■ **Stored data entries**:
^^^^

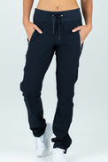 Comfortable women's training pants made of woven stretch fabric. The pockets have zippers. Great for fitness training, but also for casual wear. The Paris Long is 6cm longer than our regular Paris pants, especially for women who prefer extra length. There are zippers at the ankles.
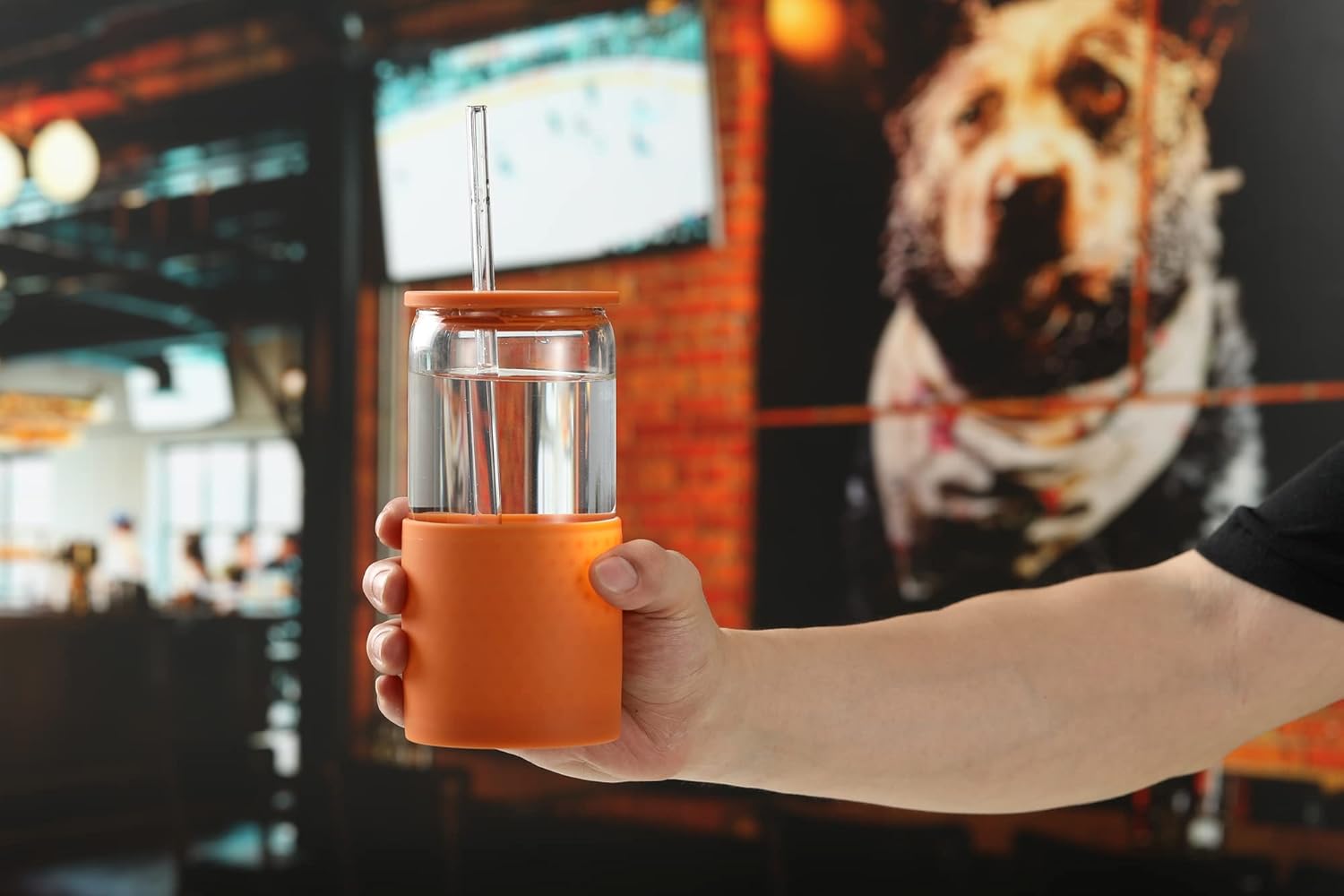- The unique silicone sleeve and lid design provides a strong protection for the glass cup. if the glass cup is accidentally turned over on the desktop, the chance of breaking is very small, and the sealed lid ensures that the liquid will not overflow.
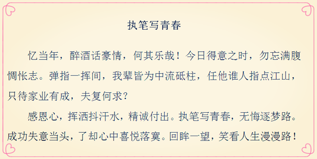 “現(xiàn)在,青春是用來奮斗的;將來,青春是用來回憶的。”當(dāng)所有的經(jīng)歷化作記憶,那些年少時為理想揮灑的汗水,為成功付出的艱辛,終將成為彌足珍貴的人生財富。
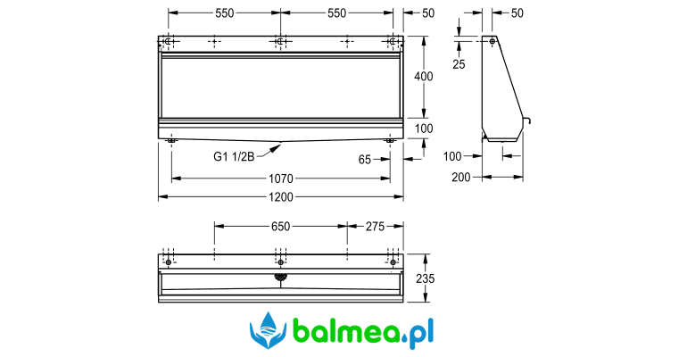 Ilość potrzebnej wody do spłukiwania 0,15 l/sek. na metr długości pisuaru. Rynna posiada dwustronny spadek w kierunku środkowego odpływu sitkowego G 1 1/2 B. Niewidoczna rura spłukująca. Zestaw posiada listwę zaczepową, zestaw montażowy i przyłącze wodne. Syfon należy zakupić osobno.
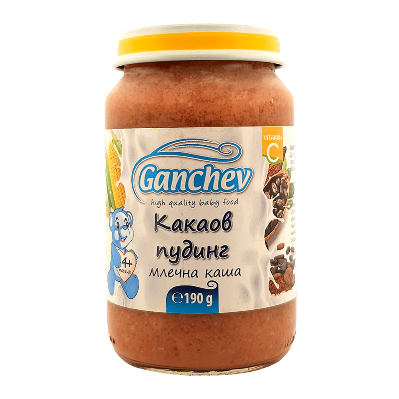 Ganchev Какаов пудинг е млечна бебешка каша, предназначена за деца над 4 месечна възраст.
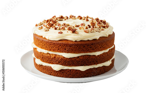 Delicious Three Layer Carrot Cake with Cream Cheese Frosting and Pecan Topping PNG Isolated on Transparent Background
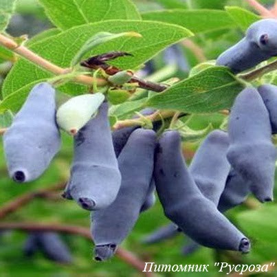 Ягода: крупная и очень крупная, масса 1,2 – 2,3 г, удлинённо-серповидной формы, фиолетово-голубая с сильным сизым налетом, мякоть нежная.
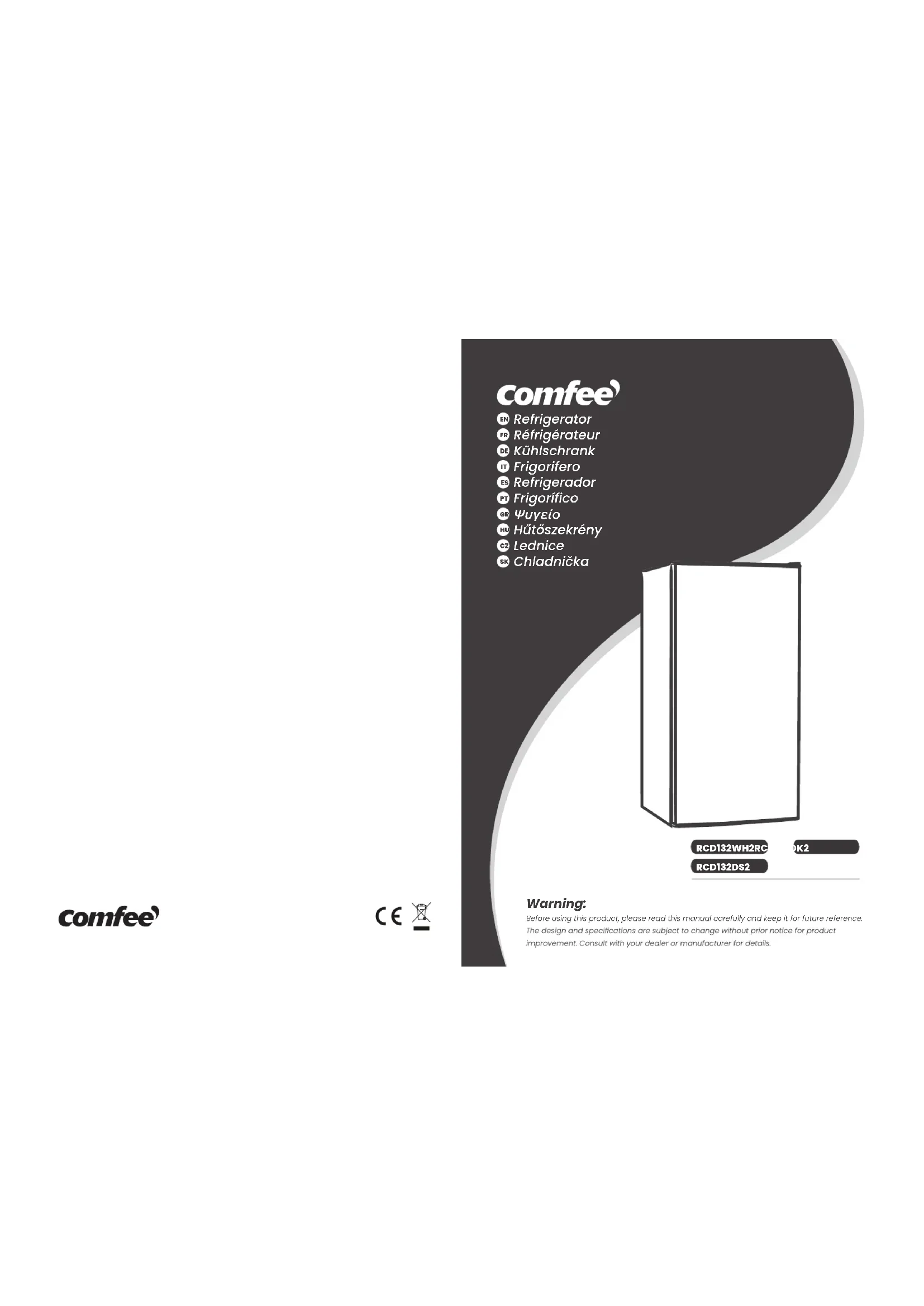 RCD132WH2 - Réfrigérateur COMFEE - Notice d'utilisation et mode d'emploi gratuit
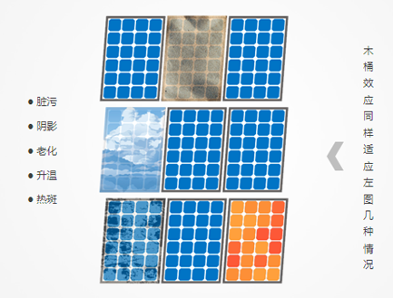 第一,避免了集中型逆變器電站的木桶效應(yīng)(如下圖)。集中式并網(wǎng)逆變系統(tǒng)中,組件方陣經(jīng)過(guò)兩次匯流到達(dá)逆變器,逆變器最大功率跟蹤功能(MPPT)不能監(jiān)控到每一路組件的運(yùn)行情況,因此不可能使每一路組件都處于最佳工作點(diǎn),當(dāng)有一塊組件發(fā)生故障或者被陰影遮擋,會(huì)影響整個(gè)系統(tǒng)的發(fā)電效率。所以當(dāng)電池組件受到遮擋時(shí),集中型電站會(huì)受到較大的影響,組串型電站只有被遮擋的一串對(duì)應(yīng)的一路MPPT受到影響。而正常情況下,各個(gè)組件之間的安裝間距,安裝角度各異,一天中一定時(shí)間內(nèi)不可避免會(huì)產(chǎn)生局部遮擋,特別是早晚時(shí)刻太陽(yáng)高度角較低的時(shí)候,或者出現(xiàn)一些植被遮擋一些電池片。若一個(gè)500KW方陣的電池板使用一路MPPT來(lái)跟蹤,會(huì)損失一定的發(fā)電量。該情況同樣適用于當(dāng)電池組件發(fā)生臟污、陰影、老化、升溫、熱斑的情況下。
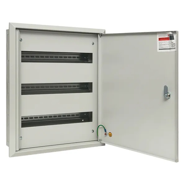 Компактный распределительный бокс ЩРВ от производителя EKF серии PROxima предназначен для размещения модульного оборудования, сборки щитов распределения электроэнергии и защиты сетей от токов перегрузки и короткого замыкания. Он представляет собой конструкцию встраиваемой установки, выполненную из прочной стали толщиной 1 мм. Оболочка окрашена порошковой краской светло-серого цвета RAL 7035. Данная модель бокса монтируется в специально подготовленную нишу в кирпичной или бетонной стене и рассчитана на монтаж 54 модульных устройств с номинальной величиной тока до 125 Ампер: 18 модулей в 3 ряда. Установка аппаратуры производится на 3 DIN-рейки, которые входят в комплект поставки. Степень защиты от попадания влаги и пыли внутрь корпуса составляет IP31. Климатическое исполнение, при котором допускается эксплуатация щита, соответствует УХЛ3: от -60 до +40 градусов.
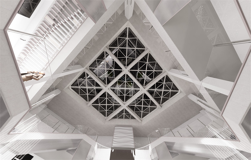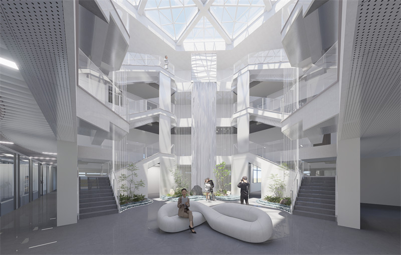 中庭四周房间墙面由实墙改为玻璃墙、透光砌块墙,改善室内采光,增加空间交流;改造思路——通过金属网水幕、水波纹大理石等设计手法打造艺术气息拉满的品质中庭
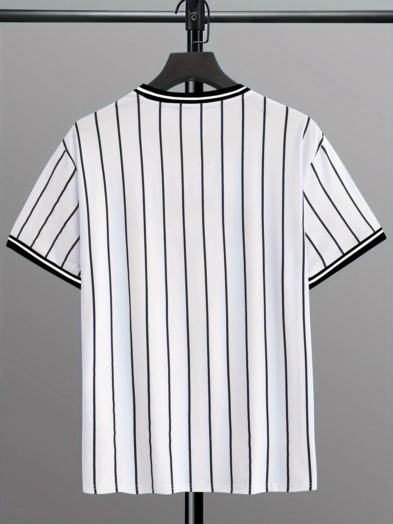 New Men's T-Shirt Los Angeles Printed Striped T-shirt Men's Casual Street Style Stretch Round Neck Tee Oversized Men Clothes Top

^^^^

■ **PROBLEM TO WORK ON**: In the records above, locate the line with "中庭四周房间墙面由实墙改为玻"; output it and each line after it through the last one, exactly, omitting pictures.

■ **TASK RESULT**:
 中庭四周房间墙面由实墙改为玻璃墙、透光砌块墙,改善室内采光,增加空间交流;改造思路——通过金属网水幕、水波纹大理石等设计手法打造艺术气息拉满的品质中庭
 New Men's T-Shirt Los Angeles Printed Striped T-shirt Men's Casual Street Style Stretch Round Neck Tee Oversized Men Clothes Top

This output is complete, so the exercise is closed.